Анатомия любви
Шрифт:
В тот день, и в следующий, и потом Роуз больше не упоминала о другой семье Артура. Я ожидал, что она снова подойдет ко мне – извиниться, все разъяснить, поделиться со мной своей скорбью. Однако на ее маленьком лице, выражавшем лишь внимание и заботу, не было и следа яростных мгновений, пережитых в спальне. Она походила на одного из тех завсегдатаев ночных клубов, которых вызывают на сцену, гипнотизируют, заставляют кудахтать курицей или лаять собакой, а потом отправляют обратно за столик, и они решительно ничего не помнят. Меня поражало и задевало то, что она способна спрятать свои откровения, словно иголку в стоге сена, однако должен признать, что я был благодарен ей за это. В кого превратилась бы Роуз, освободившись от пут своей обычной сдержанности? Я боялся ее. А так, обнаруживая меня распростертым перед телевизором, она позволяла себе лишь высказываться по поводу глупости телепередачи. Хотя могла бы вцепиться мне в плечо своими маленькими крепкими пальцами и сказать: «Ты никогда не уважал то, во что я верила. Ты выбалтывал семейные тайны чужакам. Ты принимал наркотики. Ты всей душой отдался другой семье».
Однако,
В субботу, через неделю после моего возвращения, был устроен небольшой прием в мою честь. Понятное дело, то была идея Роуз. Она всю неделю побуждала меня встретиться с людьми, на глазах у которых я рос, которые присылали мне подарки и поздравления с днем рождения, пока я был в Роквилле, и вот теперь они хотели разделить с нами радость моего освобождения. Роуз, верный друг с твердыми принципами, ощущала, что просто обязана показать меня друзьям, и я подозреваю, она, семейный стратег, вполне сознавала, что день в кругу семьи и старинных друзей заставит мужа расчувствоваться, заполнит парящее сердце Артура тяжким грузом совместного прошлого. В тот день я покинул свою комнату, чувствуя, что сегодня, быть может, я выйду из дома сам, прогуляюсь, куплю книжку. Это чувство росло и крепло в груди, но я продолжал лелеять эту иллюзорную возможность, как хрупкое яйцо, которое боишься раздавить. Роуз уже отправилась в супермаркет за едой, а Артур, в коричневых штанах и футболке без рукавов, хмуро уставившись в ковер, возил по гостиной старый, похожий на торпеду пылесос.

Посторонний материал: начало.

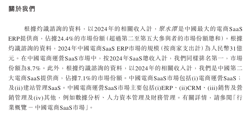 根据招股书的介绍,聚水潭自称是中国最大的电商SaaS ERP系统的提供商,但是很多上市公司的市场地位都是来自一些付费的咨询公司,并且统计学是门学问。所以我给我司当年换ERP系统的时候并不想看这个东西,而是有别的邪门方法。(来源
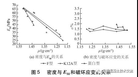 相關(guān) 性, F 型、 K12A 型、 蛋 白 型 擬 合 度 分 別 為0.951 93, 0.907 66, 0.950 37, E50隨密度降低而線性降低;同時(shí), 在同等密度下, F 型輕質(zhì)土的 E50最大,蛋白型最小。通過圖 5( b) 可以看出:破壞應(yīng)變受密度的影響不大, 但總體可以看出, F 型輕質(zhì)土破壞應(yīng)變在1 .4% ~ 1 .8%之間, K12A 型在1 .2% ~ 1.5%之間,蛋白型在1 .3% ~ 1 .9% 之間;同等密度之下, F 型較
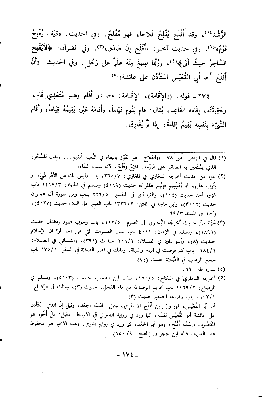 الرُّشْد (¬1)، وقد أَفْلَح يُفْلِحُ فَلاحاً، فهو مُفْلِحٌ. وفي الحديث: "كيْف يُفْلِحُ قَوْمٌ" (¬2)، وفي حديث آخر: "أَفْلَح إِنْ صَدَق" (¬3)، وفي القرآن: {وَلَا يُفْلِحُ السَّاحِرُ حَيْثُ أَتَى} (¬4)، ورُبَّما صِيغَ مِنْهُ علَماً على رَجُلٍ. وفي الحديث: "أَنَّ أَفْلَحَ أَخَا أَبِي القُعَيْس اسْتَأْذَن على عائشة" (¬5).
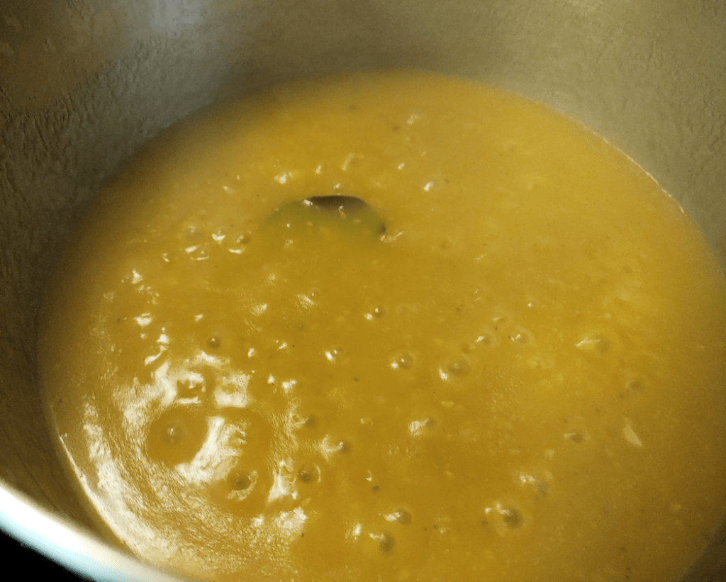 After straining the tomatoes, I fried up some finely chopped onions and garlic in some olive oil until soft, then added the strained tomatoes back to the pot. For seasoning, I added salt and pepper, a bit of sugar, and a bay leaf, then cooked it down until slightly thicker.
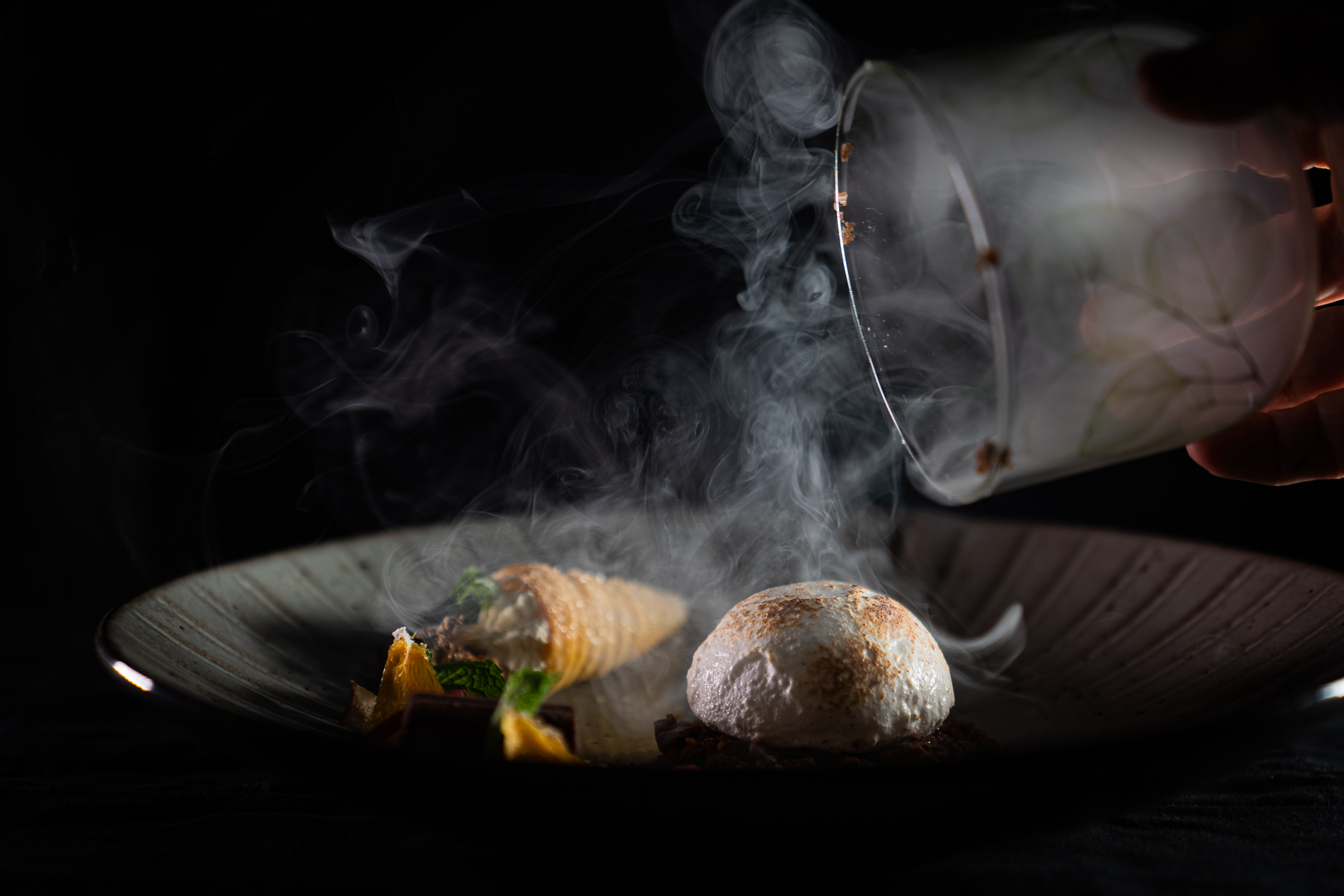 Chocolate Soil – Mousse – House Made Marshmallow – Raspberry Gel Chocolate – Edible Moss – Seasonal Berries – Dehydrated Fruit

– Собираем всю старую гвардию, – сказал он, перекрикивая рев пылесоса. – Здорово, правда? – И он комически поднял бровь, приглашая меня разделить его иронию, причину которой отказывался объяснить.

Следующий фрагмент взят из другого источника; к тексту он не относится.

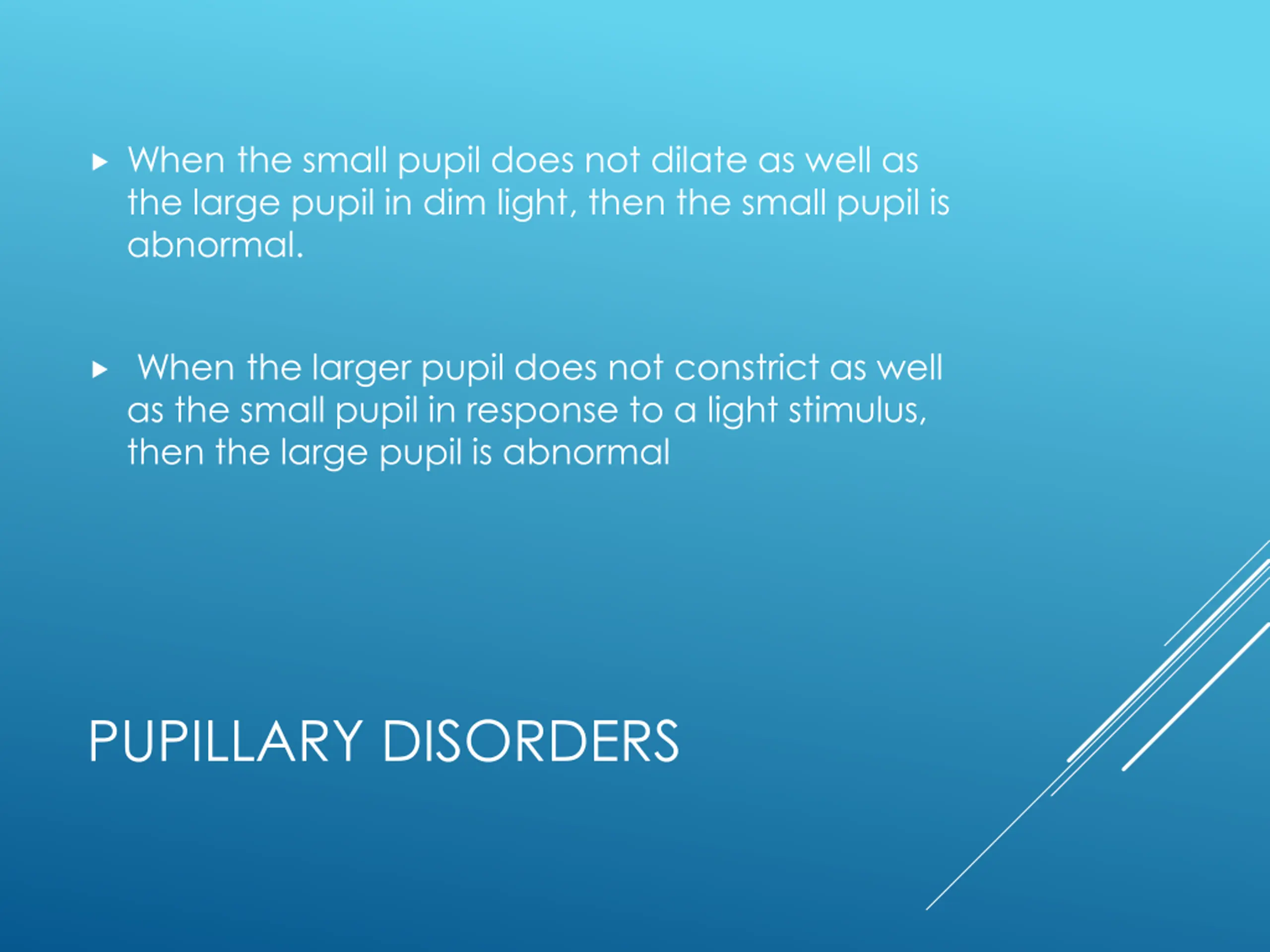 When the small pupil does not dilate as well as the large pupil in dim light, then the small pupil is abnormal. When the larger pupil does not constrict as well as the small pupil in response to a light stimulus, then the large pupil is abnormal PUPILLARY DISORDERS
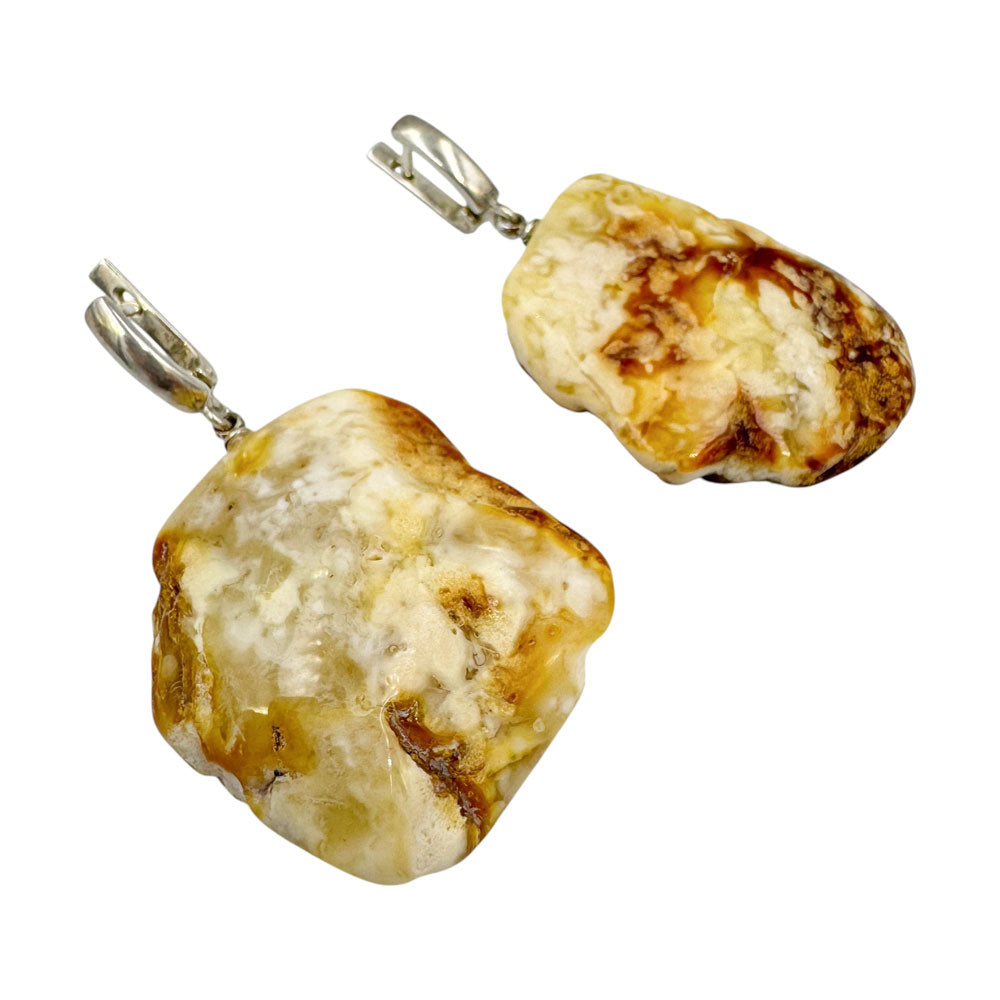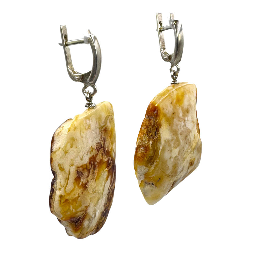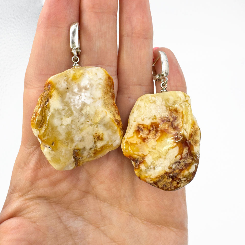 Natural Baltic Amber Milky Color Amber Slab Shape Earrings

О, меланхоличные друзья моих родителей! Ольга и Лео Гринблад, Миллисент Белл, Том и Натали Фостер, Гарольд Штерн, Джеймс Брюнсвик и та, на ком он был женат в данный момент, Конни Фауст, Ирэн и Альберто Николози. То были люди, которых я знал всю свою жизнь, знал лучше (по крайней мере, общался регулярнее), чем моих школьных товарищей или моих далеких, раскиданных по стране родственников. Если бы я женился, то эти люди, друзья родителей по Коммунистической партии, сидели бы, улыбаясь, на складных стульях на светской церемонии, а если бы я умер, то именно их усталые, слегка встревоженные глаза наблюдали бы, как мой прах разносится по ветру. В старые времена, то есть старые для меня, а для них – время крушения надежд, я слушал их странные дискуссии на ежемесячных встречах и играл роль слуги, расхаживая по прокуренной гостиной с подносом салями и сыра. Потом меня отправляли в свою комнату с бутылкой содовой «Канада драй» и небольшой бирюзовой тарелкой с миниатюрными крендельками. Это их лица улыбались мне из-за свечей на именинном торте; их поношенные туфли и массивные коленки были выстроены в ряд под обеденным столом, куда я заползал в надежде поймать укатившуюся брюссельскую капусту. Это их голоса, их ароматный трубочный табак царили на заднем сиденье нашей старой машины во время поездок по стране; их именами были подписаны поразительно безвкусные поздравительные открытки. Это друзья моих родителей, давая отдых ногам, пили итальянский кофе после полной переживаний субботы, когда помогали чернокожим пикетировать «Вулворт». Именно они навестили меня перед отъездом в Роквилл, пожимали мне руку, всматривались в мое лицо, передавали выдуманные пожелания от своих детей, с которыми я не потрудился сдружиться. Мой отец, отгораживаясь от реальности своей жизни, не поощрял меня заводить друзей среди детей его друзей: «Дружи с настоящими людьми. Забудь об этих „красных“ детях». Но меня и не требовалось расхолаживать.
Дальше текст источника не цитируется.